Below is a list of breast cancer-related articles that I’ve compiled for March 2020.

  • Article from the Fred Hutch organization discussing that MRIs are the best tool for screening dense breasts for breast cancer, but the cost of the MRI prevents them from being used as a primary screening tool. Thus, mammograms continue to be used as a primary screening tool, even though they aren’t the most effective for women with dense breasts.
  • Article from Oncology Nursing News discussing a technique used by researchers at Stamford Hospital to identify women at higher risk for breast cancer, inform these women, and get them to sign up for and complete increased screening in an attempt to identify sooner incidences of breast cancer.
  • There are a few articles this month on how and when genetic testing related to breast cancer risk should take place.
    • This article from Mayo Clinic advocates that all women under the age of 66 that have been diagnosed with breast cancer receive a recommendation to take genetic counseling, even if there is no prior family history of breast cancer.
    • Article/possible editorial (?) from the Jerusalem Times discussing what different countries’ recommendations are regarding BRCA testing among the Ashkenazi Jew population and does this guidance make sense?
  • Apparently some TV show (that I’ve never heard of, but that doesn’t mean anything) will feature a story line this week where a character will make a decision from their BRCA testing results. Intriguing.
  • University of Massachusetts cancer researchers are conducting a study looking at breast milk from women who have already been identified as having a BRCA1 or BRCA2 genetic mutation.
  • Article on Dana-Farber Cancer Institute’s effort to match breast cancer patients with particular genetic mutations to pilot studies designed for those mutations.
  • An article on how being a mother impacts the decisions made by women who have been tested positive for a BRCA genetic mutation.
  • An article written by a women who finds herself at 39% risk of breast cancer and her thoughts on genetic testing.
  • Article from ASCO providing guidelines for the management of male breast cancer.

Bilateral Ultrasound · Birth Control · BRCA · Genetic Counseling · Mammogram · MRI

Bilateral Ultrasound and Results

Earlier this week, I had my bilateral ultrasound. I’ll go ahead and give the spoiler alert- everything came back as benign!

I got my ultrasound at the same radiology center that I got my mammogram and my MRI, so the initial routine was pretty similar. Go into the center, sign in, wait for awhile, sign a few forms, wait for a while, and then go back to the locker area. I changed into the gown and locked my things up (although, in the days of COVID-19, I’m thinking this joint locker system is a bit of a shortfall, especially in a situation where people can have compromised immune systems). I then got called back into the room.

Many women are already familiar with ultrasounds due to the pregnancy thing; this was a pretty similar situation. I laid down on a table, where they then put gel on my chest and used the magic ultrasound wand to locate the nodes previously identified through both my mammogram and MRI. In order to enable this, I was asked to either lay flat on my back or slightly on my hip leaning to either side. This got a little uncomfortable, as I was in this position for maybe a full five minutes, but nothing huge. As I was getting an ultrasound on both breasts, they first focused on one breast and then moved to the other.

Before starting the ultrasound, the technician surprised me by saying that the doctor would review the results immediately after the exam and I would have an answer before I left that day. That is super awesome! So, true to her word, after the ultrasound was complete, she left to go talk to the doctor. She came back maybe ten minutes later, informing me that everything was benign, which was good! Similar to the results from the MRI, it looks like all the nodes are fluid-filled cysts, which are nothing to worry about. They don’t cause any increase to my cancer risk and don’t normally require any follow-up care at all (unless they are painful, in which case they can be drained).

With that, I headed home!

Up next on my journey, I still need to switch birth controls, which is happening next week. As a reminder, I’m switching birth controls because my current medication maybe but maybe won’t cause the Tamoxifen to be less effective. There’s not really any reason to risk this, so I’m just switching to a different medication that has no concerns in this area.

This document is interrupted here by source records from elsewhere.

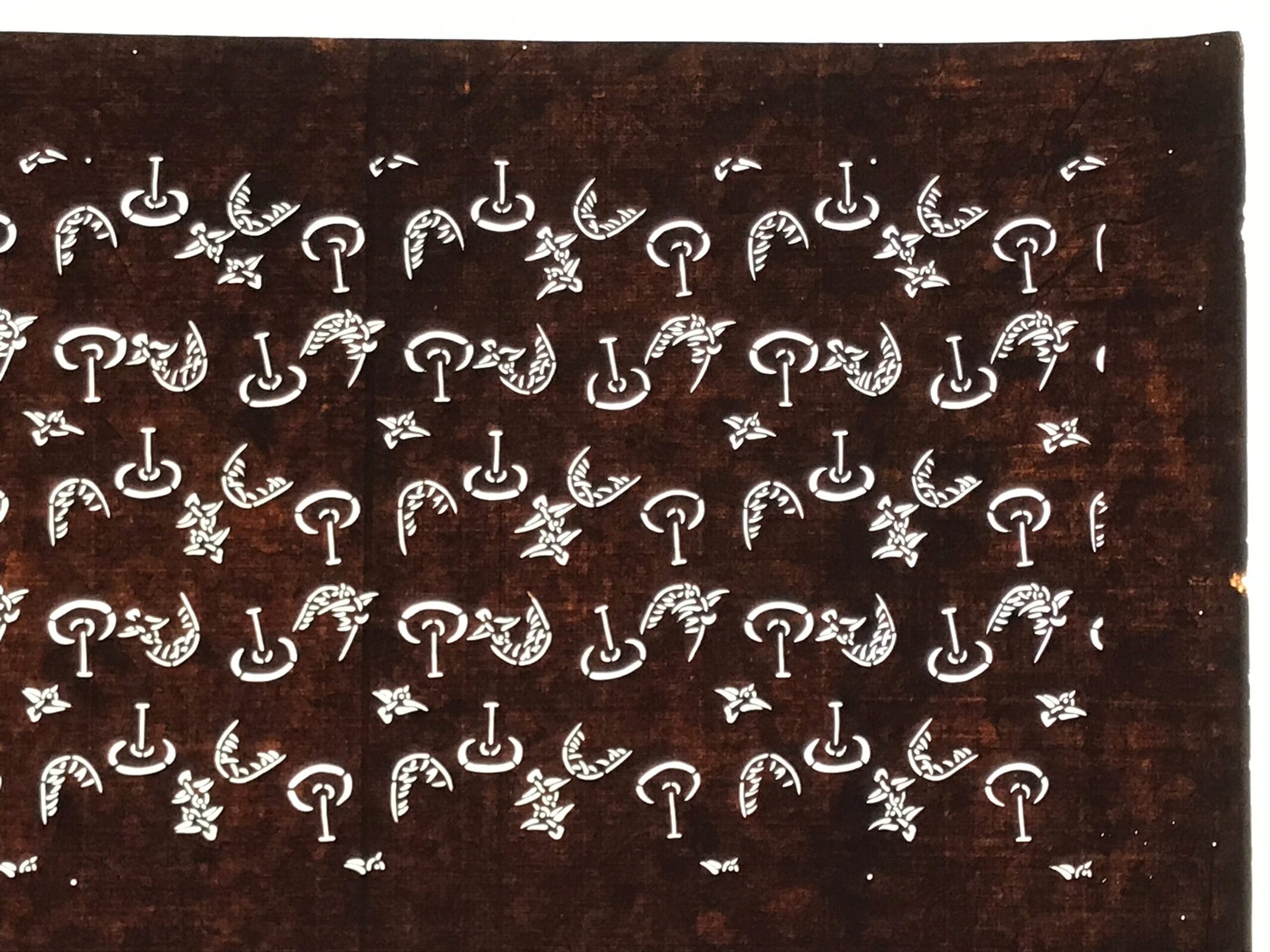 This antique Katagami was designed during the mid or late Edo period (1860) to early Meiji (1900) in Central Japan. It is made of two or more layers of handmade mulberry washi paper laminated together and waterproofed with persimmon tannin. Katagami printing uses a technique called resist dye where a paste is applied to the fabric with the katagami before dipping in ink. The open space on the katagami will be a negative space in the printed design.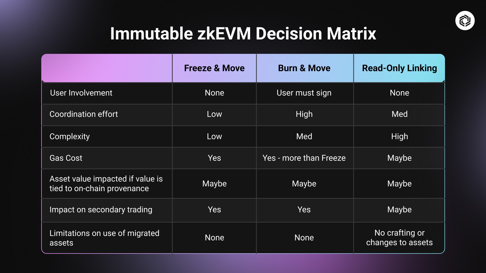 Freeze and Move: under this scenario, the game ‘copies’ the assets onto Immutable zkEVM, while freezing trading and in-game interaction/visibility of the original assets.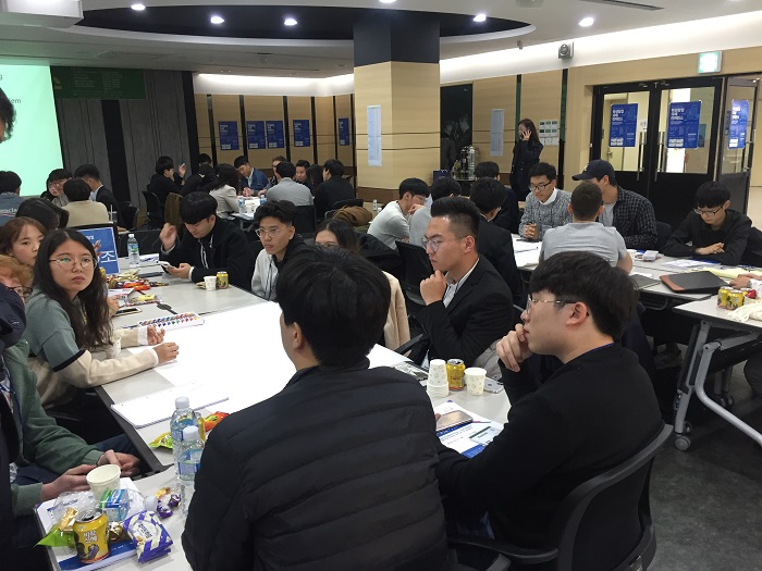 国际学生与韩国国内学生一起开展“通过头脑风暴而挖掘全球创业活动”活动,所有参会学生随机组成全球联合组,每个小组发掘国际创业创意项目,探索国际地区社会问题,发掘国际问题解决方案创意,各组进行制作资料并进行展示。在经过长达三个小时的激烈讨论与展示后,我校土木工程学院胡孔知同学所在全球联合第二组团队获得此次头脑风暴活动的第一名。

I still have to get tested for my BRCA genetic mutation. I’m a bit frustrated in this area; I’ve had this appointment rescheduled twice upon requests from the office, with my current appointment being in mid-April. I don’t have to get my BRCA results back before starting the med, so that shouldn’t really be a problem, but it’s frustrating nonetheless.

Last, on Monday I’ll work to schedule an appointment with my new breast cancer specialist. We’re getting closer!

MRI · Preventative

Because Insurance

Since getting my MRI, I’ve gotten two letters from my insurance company and/or a contractor they use. Because MRI’s aren’t a normal initial screening tool for breast cancer, and because I’m only 36 (with the non-high risk cancer population’s age for breast cancer screening beginning to 40), the fact that my doctor used my personal individual risk factors to order me a screening MRI is seen as abnormal and needs additional justification.

This is just one of the reasons I am pro-insurance improvements in the US. My doctor obviously made an educated decision based on the risk factors that are unique to me.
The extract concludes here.